Until he started to highlight the firm's new businesses, Wang was busy during the first several months of this year posting long messages, sometimes five times a day, questioning why cinemas can't re-open even as the government eased restrictions on business resumption, to support the post-COVID economic recovery. He would showcase new equipment at his cinemas, the main source of his firm's revenue.

As the epidemic's impact continued to trouble the industry, Wang started to bet heavily on his side-businesses like a gym and a library. He opened new business lines like livestreaming and online shopping.

"Cinema operators should step up efforts to find ways to make up for their loss … everything will become better if we stick to it… although cinemas are not allowed to re-open, we can still carry on holding other activities," Wang wrote in his recent WeChat posts.

"Instead of simply waiting for policies that allow cinemas to re-open, I suggest operators should start side-businesses and make them as profitable as cinemas used to be."

According to a report from the China Film Association, about 40 percent of cinemas in China could go bust due to the pandemic-related fallout. By the end of 2019, there were 12,408 cinemas across the country.

People in the cinema industry had hoped to re-open their businesses whenever lockdown measures were lifted. But the recent cluster outbreak of COVID-19 in Beijing put paid to such hopes and created fears of prolonged mandatory closures.

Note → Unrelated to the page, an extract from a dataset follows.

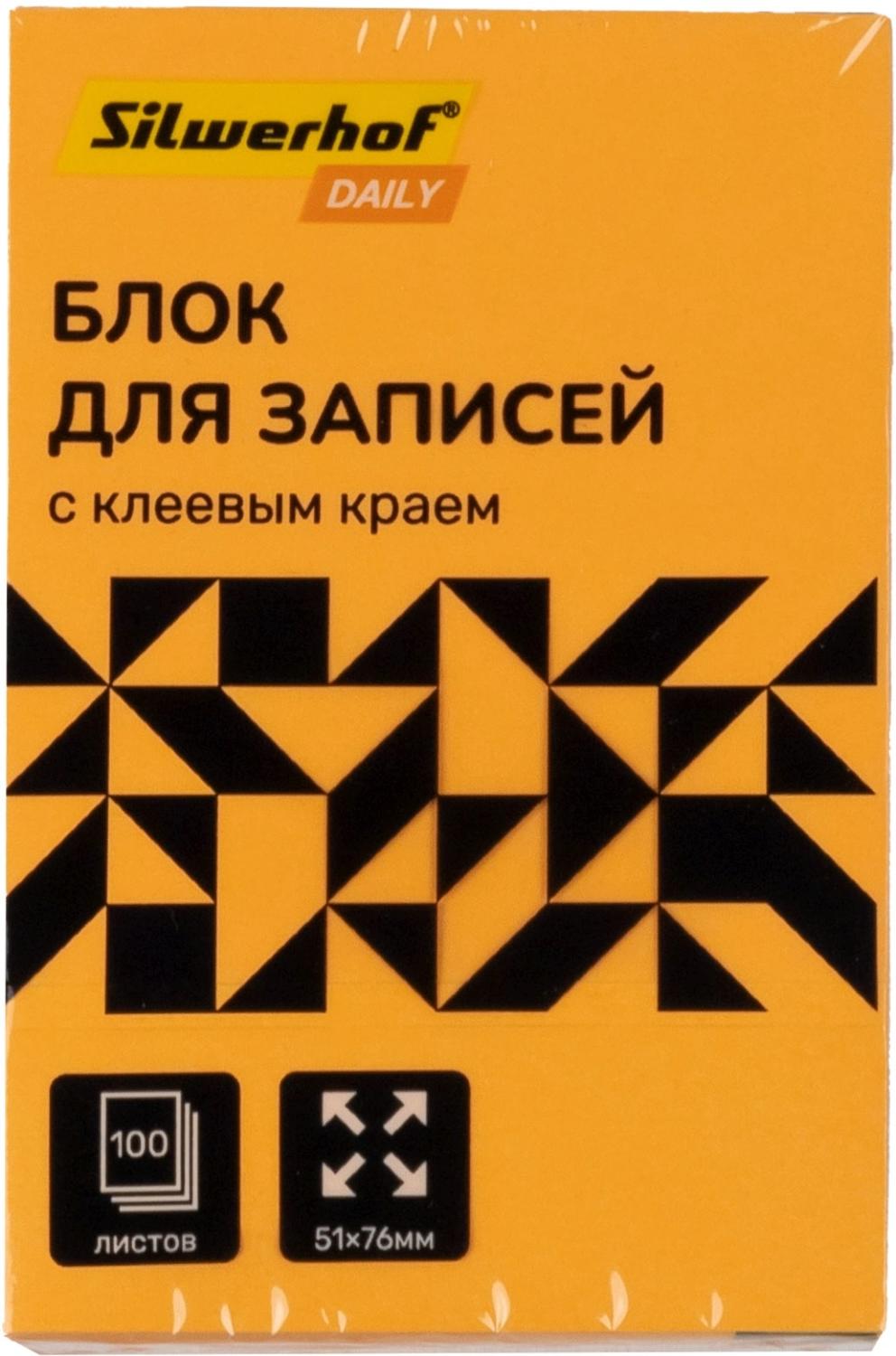 Блок самоклеящийся бумажный Silwerhof Daily 51x76мм 100лист. 75г / м2 неон оранжевый
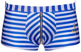 Tight, emphasising pants from Svenjoyment with maritime blue and white stripes. 2 white cuffs are included. There is a zip over the pouch and embroidery in an authentic anchor shape. They are soft and stretchy for a very comfortable fit. The cuffs have decorative press studs on them.

"It's inevitable that people will be encouraged to avoid social gatherings, considering cases like the sudden cluster outbreak of COVID-19 in Beijing. But I still hope cinema lockdown orders will be lifted. For example, they can be re-opened in some less-risky areas in different batches," Wang said.

Despite his attempts to develop new businesses, revenue from them can cover only the wage bill of his cinemas. Other overheads like rent, facility management and power continue to burn cash.

Wang said cinema companies are now hoping for more supportive policies like tax cuts from the government.

Huang Xinyi, 29, a film production assistant based in Beijing, said she hoped to watch films again in cinemas because the sound and image quality are much better than that on online video-streaming platforms.

But Huang hastened to add she is willing to do so only if cinemas maintain social distancing norms both inside and outside their auditoriums, and carry out strict disinfection measures on their premises.